General characteristics
- Class & type: Visentini Class Ro-Pax (NAOS 172)
- Tonnage: 24,418 GT; 7,325 NT; 7,380 DWT;
- Length: 186.49 m (611 ft 10 in)
- Beam: 25.60 m (84 ft 0 in)
- Draft: 6.50 m (21 ft 4 in)
- Decks: 7
- Ramps: Stern vehicle loading ramp
- Installed power: 2 × MAN-B&W 9L48/60 main diesel engines (total 18,900 kW)
- Propulsion: 2 × controllable pitch propellers
- Speed: 22.0 knots (40.7 km/h; 25.3 mph)
- Capacity: 950 passengers; 2,044 lane metres for vehicles;
- Crew: 30–45

= AF Claudia =

Ferry built in Italy

AF Claudia is a 186.49-metre Ro-Pax ferry built in 2001 by Cantiere Navale Visentini in Porto Viro, Italy. Built as Stena Forwarder, she was operated under names like California Star for Baja Ferries before being acquired by Adria Ferries. Currently operating under the Italian flag, she mainly connects Italy and Albania on routes such as Ancona–Durrës and Bari–Durrës.

== Service ==
The ferry, launched on 28 October 2000 at the Visentini shipyard in Porto Viro with the name Stena Forwarder, was delivered in April 2001 to the subsidiary Visemar di Navigazione, from which it was immediately chartered to Stena Line, for which it entered service on 27 April on the routes between Dublin and Holyhead as a replacement for the Stena Challenger. On 24 April 2002, while mooring in Dublin, she collided with the quay. As a result, the ferry was taken out of service for necessary repairs.

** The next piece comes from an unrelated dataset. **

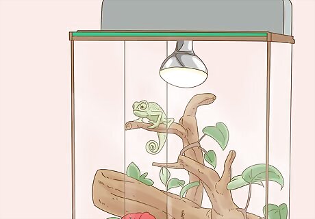 Place various light bulbs above your chameleon’s cage. The lights will provide a source of light and heat for your chameleon. One type of lightbulb you will need is a basking bulb, which will heat a focal point of your chameleon’s cage. The recommended temperature at that spot is 90 to 105 degrees Fahrenheit. An incandescent light bulb can be used for the basking light, but you may need to try different wattages to determine which wattage will produce the desired temperature. A fluorescent light should be placed next to the basking bulb. This light will provide UVB/A light, which your chameleon will use to produce the active form of vitamin D3. A light fixture will keep the lights situated above the cage. Do not use heated rocks as a heating source, since they could burn your chameleon. Night lights are not recommended, since they could make the cage too warm for your chameleon at night. Use a thermometer to keep your chameleon’s cage at 80 to 90 degrees Fahrenheit during the day and the mid-70s at night. Bulbs should be switched out about every 6 to 12 months.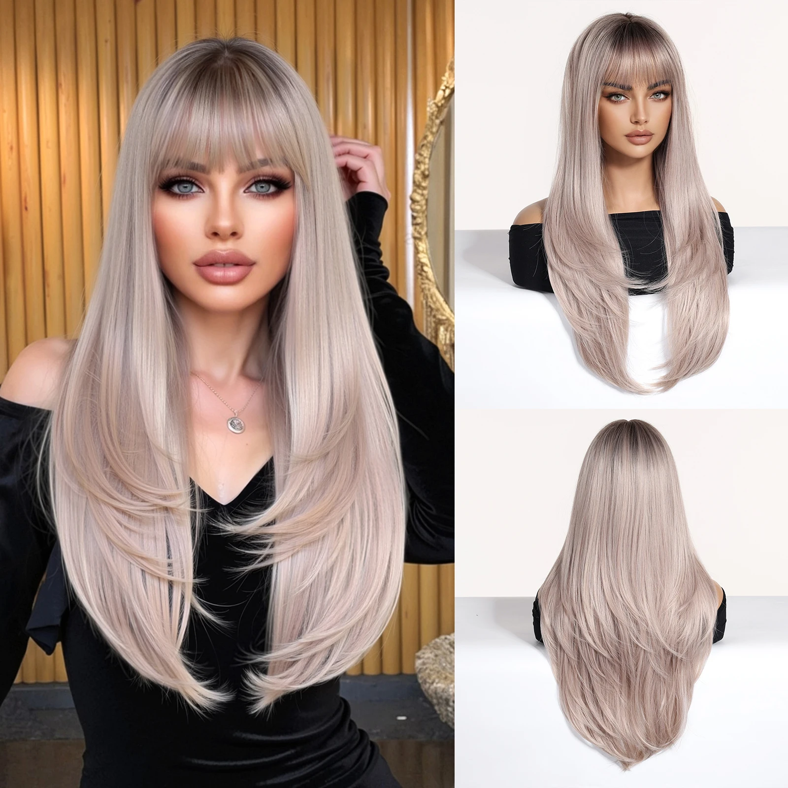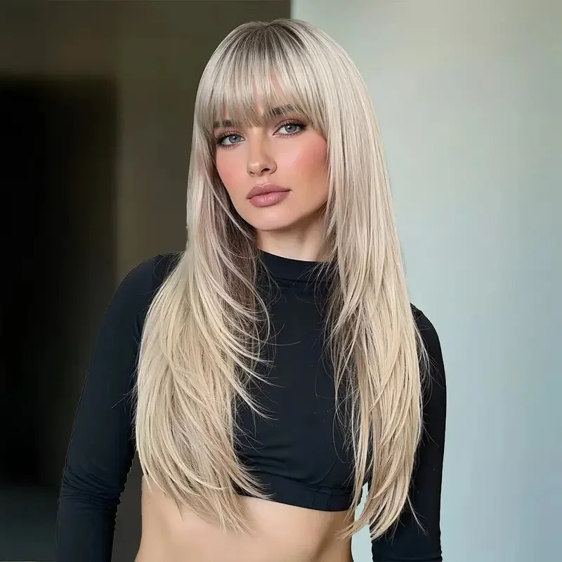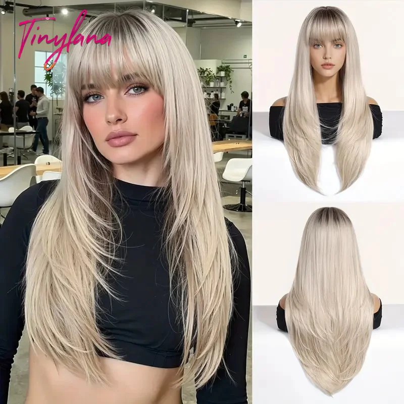 ✨ Peruca Sintética Longa Loiro Platinado com Franja Reta em Camadas para Mulheres – Cabelo Natural Resistente ao Calor, Perfeita para Cosplay, Festa e Uso Diário ✨

On 14 April 2003, following the termination of the charter contract by Stena Line the previous day, she was chartered to the newly formed Baja Ferries, by which she was renamed California Star. Transferred to Mexico, she subsequently took service on the Topolobampo to La Paz routes. In April 2007, after four years of charter, she was purchased outright by the Mexican company. On 6 June 2019, with the return of the Baja Star to the fleet, it was sold to Adria Ferries, from which it was renamed AF Claudia. However, the ferry did not initially take service for the Ancona-based company, but rather, from 7 July to 22 September, it was chartered to Grimaldi Lines, operating on behalf of the latter on the connections between Civitavecchia and Olbia.

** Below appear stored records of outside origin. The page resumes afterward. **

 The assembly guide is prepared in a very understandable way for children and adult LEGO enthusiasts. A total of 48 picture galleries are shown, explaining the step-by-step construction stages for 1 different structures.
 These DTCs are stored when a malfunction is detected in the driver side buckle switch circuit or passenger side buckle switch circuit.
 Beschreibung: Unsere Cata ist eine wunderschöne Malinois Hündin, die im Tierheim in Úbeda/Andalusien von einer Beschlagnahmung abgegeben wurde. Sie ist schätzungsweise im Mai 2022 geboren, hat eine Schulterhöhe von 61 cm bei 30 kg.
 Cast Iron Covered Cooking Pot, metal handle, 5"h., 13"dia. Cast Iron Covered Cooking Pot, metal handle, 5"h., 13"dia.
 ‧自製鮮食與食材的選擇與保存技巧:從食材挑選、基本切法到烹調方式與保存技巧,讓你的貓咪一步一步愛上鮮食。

Once the charter ended, it was transferred to the shipyard in Rijeka, where it wore the Adria Ferries livery. Once the works were completed, on 18 November it then took service on the connections between Ancona and Durrës replacing the AF Michela, which at the same time returned to the Stena Line fleet at the end of the charter.

On 6 March 2024, following the commissioning of the AF Mia, she was laid up awaiting deployment. A few days later, on 15 March, she was chartered to DFDS, for which she operated until 7 May on the Dunkirk - Rosslare routes as a replacement for the Optima Seaways. After the charter ended, on 14 May she was transferred to Durrës. On 31 May 2024 she was chartered to Superfast Ferries, for which she took service on the connections between Venice, Igoumenitsa and Patras. On 24 April 2025, a 47-year-old Greek seafarer was hit and killed by a truck while disembarking in Patras.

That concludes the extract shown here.